The Emergency Family Assistance Center at the Marine Corps Camp Foster, Okinawa, Japan, seen here Aug. 8, 2023, provides access to counseling, loans and other assistance after Typhoon Khanun. (Frank Andrews/Stars and Stripes)

CAMP FOSTER, Okinawa — A crisis assistance center for Marines and their families who have financial or counseling needs following Typhoon Khanun, which twice battered Okinawa in the past week, is open for business.

The Emergency Family Assistance Center, in the Behavioral Health and Family Advocacy building since noon Monday, by Tuesday had received about a dozen visitors, said assistance center coordinator Terry Burmester outside the center Tuesday.
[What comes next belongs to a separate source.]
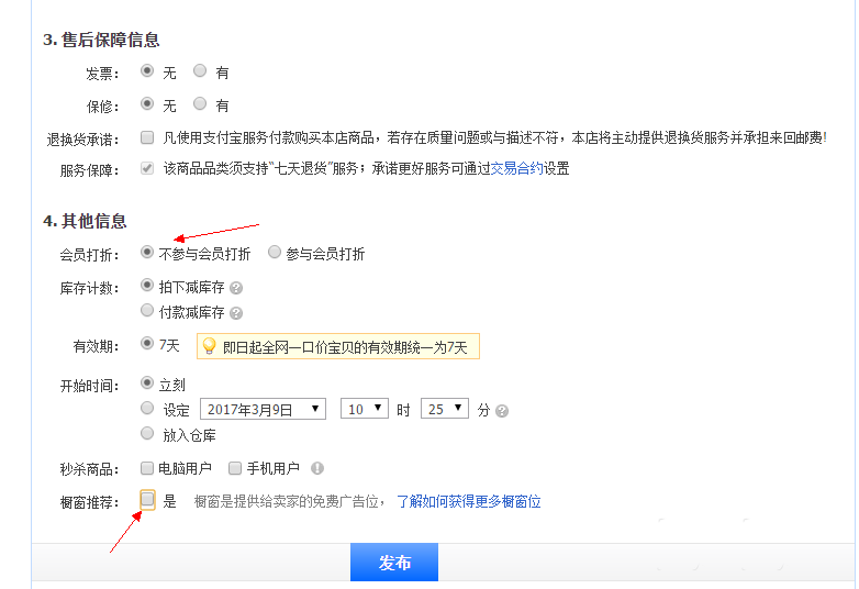 5、再移動到下方,內容框里面就寫運費專拍等信息。下面的選項,一般不加入櫥窗推薦,免得浪費廣告位。而且最好不要參與會員打折,否則老用戶拍下的時候,郵費也會有打折的情況。填好之后,我們就可以發布寶貝了。

The crisis center is one stop for disaster relief, including grief and trauma counseling and chaplain, loan and legal services. The center, across the street from the Foster Community Center, opened under orders from Marine Corps Installations Pacific commander Maj. Gen. Stephen Liszewski, Burmester said.
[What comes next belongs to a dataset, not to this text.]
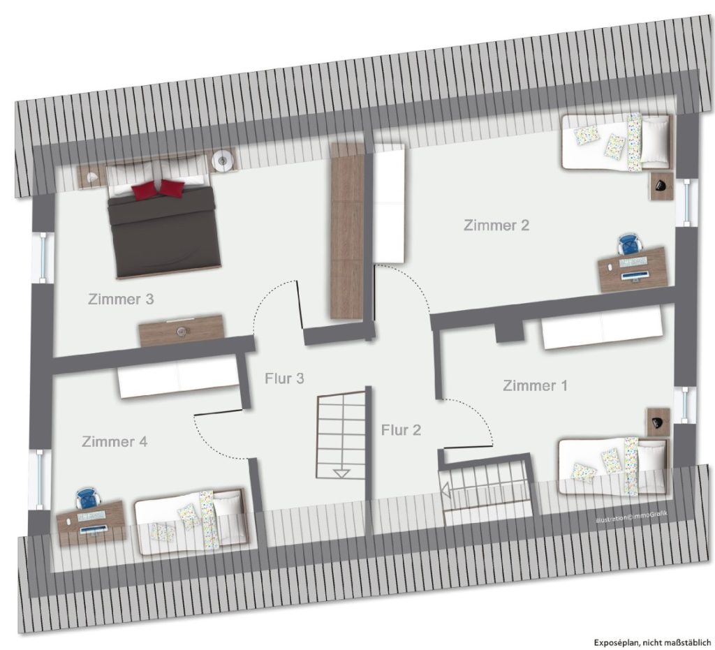 Dachgeschoss vier Schlafzimmer und durchgehende Verbindung

Damage claims are being processed at a separate processing center launched Tuesday morning at the base’s legal assistance office, 1st Lt. Richard Bochicchio, claims center officer-in-charge, said by phone Tuesday. That office has received over 100 emails seeking help.

Except for the handful of staff, the assistance center, tucked away behind buildings and trees, was mostly empty Tuesday. Only 10 people stopped by for services on Monday, Burmester said.

The III Marine Expeditionary Force posted an announcement Monday about the family assistance center on its Facebook page.

“It’s been quiet,” Allan Obace, the center’s volunteer program manager, said Tuesday. “In the words of the [commanding general] yesterday, if we had a lot of people, it would be good, but then it would mean that a lot of people are in crisis.”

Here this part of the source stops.